Call me maybe: Zookeeper

In this Jepsen post, we’ll explore Zookeeper. Up next: NuoDB.

Zookeeper, or ZK for short, is a distributed CP datastore based on a consensus protocol called ZAB. ZAB is similar to Paxos in that it offers linearizable writes and is available whenever a majority quorum can complete a round, but unlike the Paxos papers, places a stronger emphasis on the role of a single leader in ensuring the consistency of commits.

Because Zookeeper uses majority quorums, in an ensemble of five nodes, any two can fail or be partitioned away without causing the system to halt. Any clients connected to a majority component of the cluster can continue to make progress safely. In addition, the linearizability property means that all clients will see all updates in the same order–although clients may drift behind the primary by an arbitrary duration.

This safety property comes at a cost: writes must be durably written to a disk log on a majority of nodes before they are acknowledged. In addition, the entire dataset must fit in memory. This means that Zookeeper is best deployed for small pieces of state where linearizability and high availability is critical. Often, ZK is used to track consistent pointers to larger, immutable data stored in a different (perhaps AP) system; combining the safety and scalability advantages of both. At the same time, this strategy reduces the availability for writes, since there are two systems to fail, and one of them (ZK) requires majority quorums.

ZNode linearizability

In this test, five clients use a Curator DistributedAtom to update a list of numbers. The list is stored as a single serialized znode, and updates are applied via a CaS loop: atomically reading, decoding, appending the appropriate number, enoding, and writing back iff the value has not changed.

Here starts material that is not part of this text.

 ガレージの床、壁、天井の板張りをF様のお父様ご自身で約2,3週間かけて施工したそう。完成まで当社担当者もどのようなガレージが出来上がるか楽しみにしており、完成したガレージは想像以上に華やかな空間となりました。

(let [curator (framework (str (:host opts) ":2181") "jepsen") path "/set-app" state (distributed-atom curator path [])] (reify SetApp (setup [app] (reset!! state [])) (add [app element] (try (swap!! state conj element) ok (catch org.apache.zookeeper.KeeperException$ConnectionLossException e error))) (results [app] @state) (teardown [app] (delete! curator path)))))

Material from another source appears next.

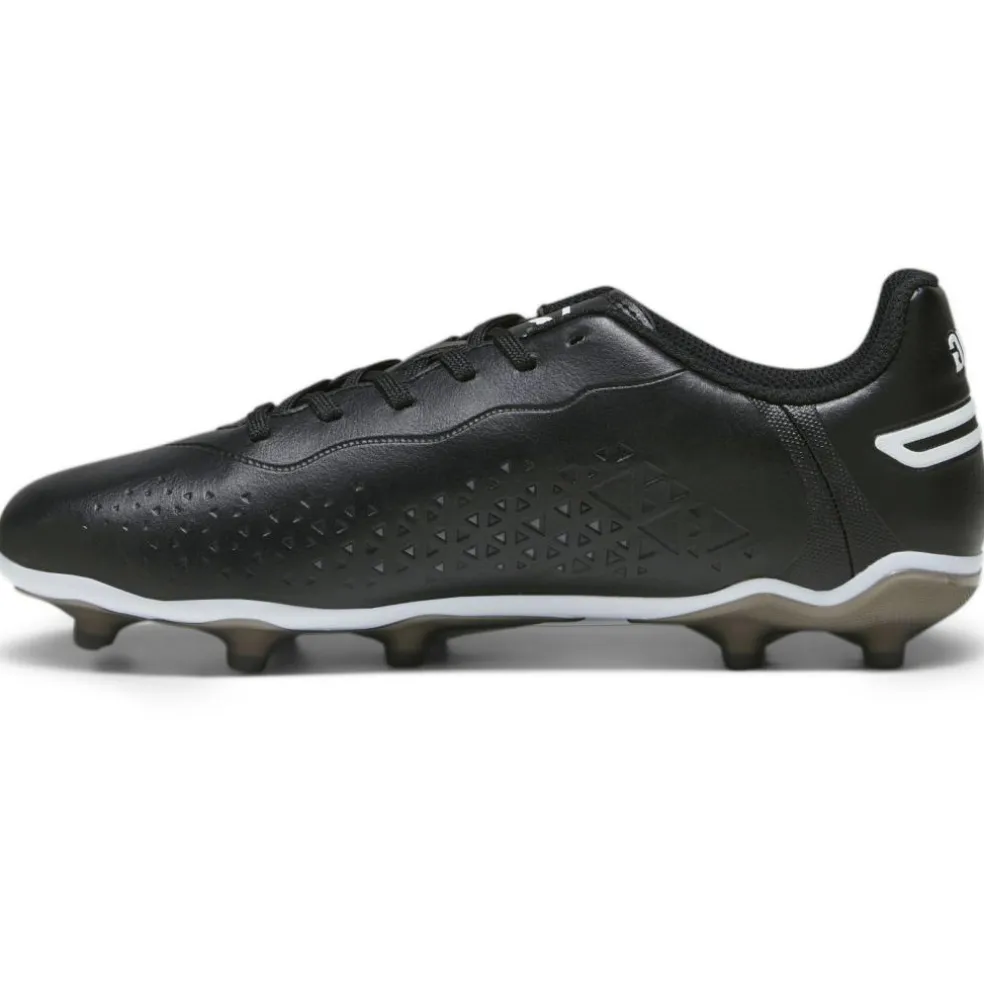 De Puma KING MATCH FG AG voetbalschoenen voor kinderen hebben een vetersluiting die voor een goede en comfortabele pasvorm zorgen. Deze stevige lichte schoenen hebben een TPU-buitenzool met stevige noppen die voor een goede grip zorgen. Zo zijn de schoenen geschikt voor graas en kunstgras ondergronden. Het zachte bovenwerk zorgt voor een fijn balgevoel en voor een goede controle.

Initially, the ZK leader is n1. During the test, we partition [n1 n2] away from [n3 n4 n5], which means the leader cannot commit to a majority of nodes–and consequently, writes immediately block:

zk1.png

After 15 seconds or so, a new leader is elected in the majority component, and writes may proceed again. However, only the clients which can see one of [n3 n4 n5] can write: clients connected to [n1 n2] time out while waiting to make contact with the leader:

zk2.png

When the partition is resolved, writes on [n1 n2] begin to succeed right away; the leader election protocol is stable, so there is no need for a second transition during recovery.

Consequently, in a short test (~200 seconds, ~70 second partition, evenly distributed constant write load across all nodes) ZK might offer 78% availability, asymptotically converging on 60% (3/5 nodes) availability as the duration of the partition lengthens. ZK has never dropped an acknowledged write in any Jepsen test. It also typically yields 0-2 false positives: likely due to writes proxied through n1 and n2 just prior to the partition, such that the write committed, but the acknowledgement was not received by the proxying node.

As with any experiment, we can only disconfirm hypotheses. This test demonstrates that in the presence of a partition and leader election, Zookeeper is able to maintain the linearizability invariant. However, there could be other failure modes or write patterns which would not preserve linearizability–I just haven’t been able to find them so far. Nonetheless, this is a positive result: one that all CP datastores should aim for.

Recommendations

Use Zookeeper. It’s mature, well-designed, and battle-tested. Because the consequences of its connection model and linearizability properties are subtle, you should, wherever possible, take advantage of tested recipes and client libraries like Curator, which do their best to correctly handle the complex state transitions associated with session and connection loss.

Also keep in mind that linearizable state in Zookeeper (such as leader election) does not guarantee the linearizability of a system which uses ZK. For instance, a cluster which uses ZK for leader election might allow multiple nodes to be the leader simultaneously. Even if there are no simultaneous leaders at the same wall-clock time, message delays can result in logical inconsistencies. Designing CP systems, even with a strong coordinator, requires carefully coupling the operations in the system to the underlying coordinator state.

Next up: NuoDB.

Duarte Nunes
Duarte Nunes, on

Finally, a success story :) Could you elaborate though on the false positives? Does the leader also proxy writes? Thanks!

Paul Evans
Paul Evans, on

I think you mean “false negatives” in the paragraph near the end:

It also typically yields 0-2 false positives: likely due to writes proxied through n1 and n2 just prior to the partition, such that the write committed, but the acknowledgement was not received by the proxying node.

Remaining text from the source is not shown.